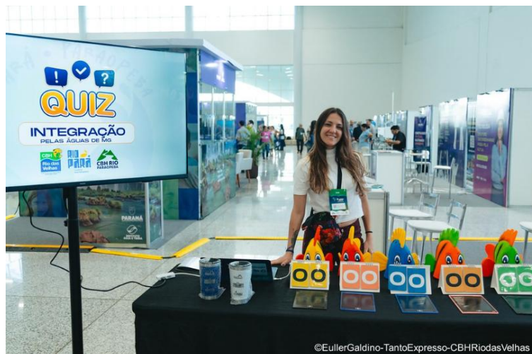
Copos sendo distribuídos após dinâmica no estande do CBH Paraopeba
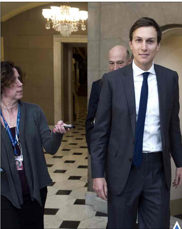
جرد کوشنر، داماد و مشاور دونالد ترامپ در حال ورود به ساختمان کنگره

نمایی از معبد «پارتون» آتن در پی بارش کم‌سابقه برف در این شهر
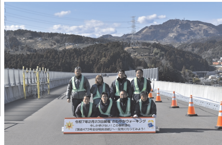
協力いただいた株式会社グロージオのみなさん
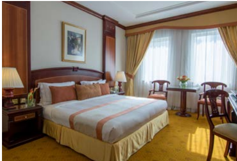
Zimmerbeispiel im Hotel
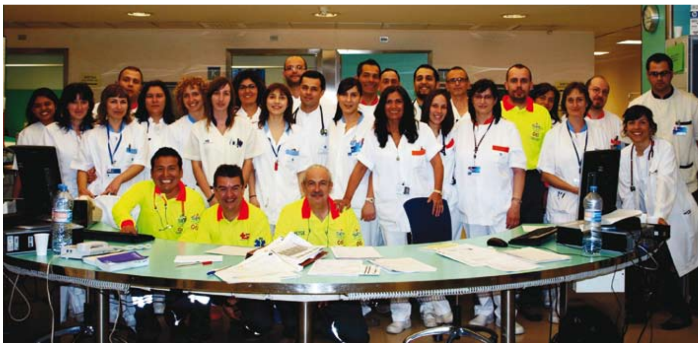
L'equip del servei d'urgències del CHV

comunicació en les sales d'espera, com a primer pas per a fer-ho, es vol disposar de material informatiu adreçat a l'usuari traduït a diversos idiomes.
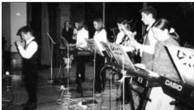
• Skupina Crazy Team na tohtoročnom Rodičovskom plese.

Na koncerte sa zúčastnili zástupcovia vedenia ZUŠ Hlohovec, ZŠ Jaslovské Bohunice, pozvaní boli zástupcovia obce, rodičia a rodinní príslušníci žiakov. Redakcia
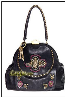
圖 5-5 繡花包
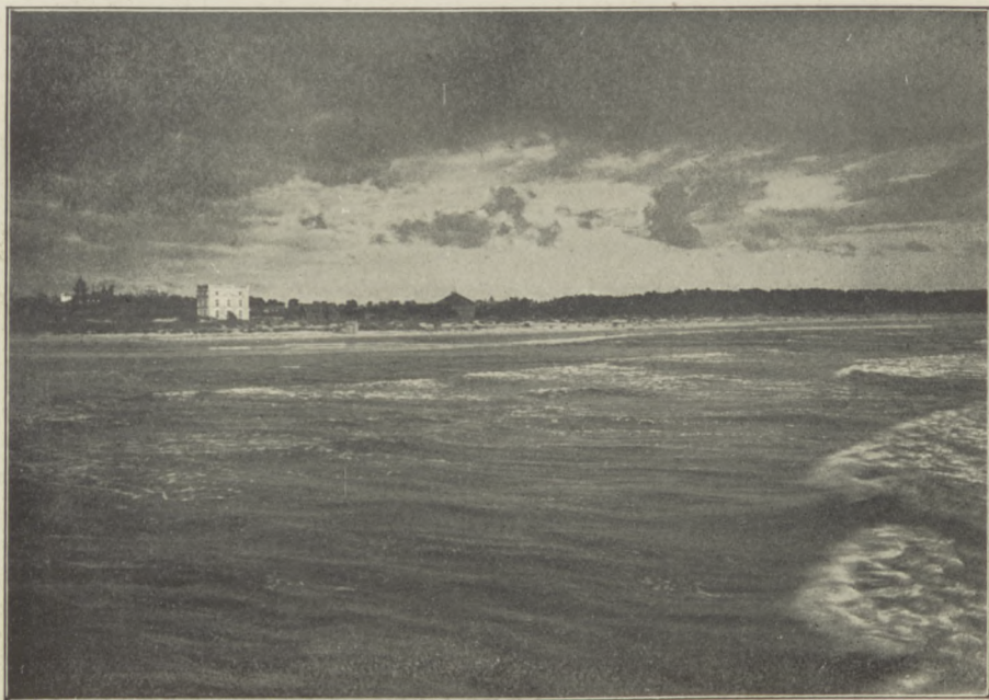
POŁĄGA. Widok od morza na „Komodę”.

-- -- --

TASK TO CARRY OUT:
Once you find the line containing "comunicació en les", transcribe it and each line after it to the end of the records exactly, and leave out the pictures.

ANSWER TO THE EXERCISE:
comunicació en les sales d'espera, com a primer pas per a fer-ho, es vol disposar de material informatiu adreçat a l'usuari traduït a diversos idiomes.
• Skupina Crazy Team na tohtoročnom Rodičovskom plese.

Na koncerte sa zúčastnili zástupcovia vedenia ZUŠ Hlohovec, ZŠ Jaslovské Bohunice, pozvaní boli zástupcovia obce, rodičia a rodinní príslušníci žiakov. Redakcia
圖 5-5 繡花包
POŁĄGA. Widok od morza na „Komodę”.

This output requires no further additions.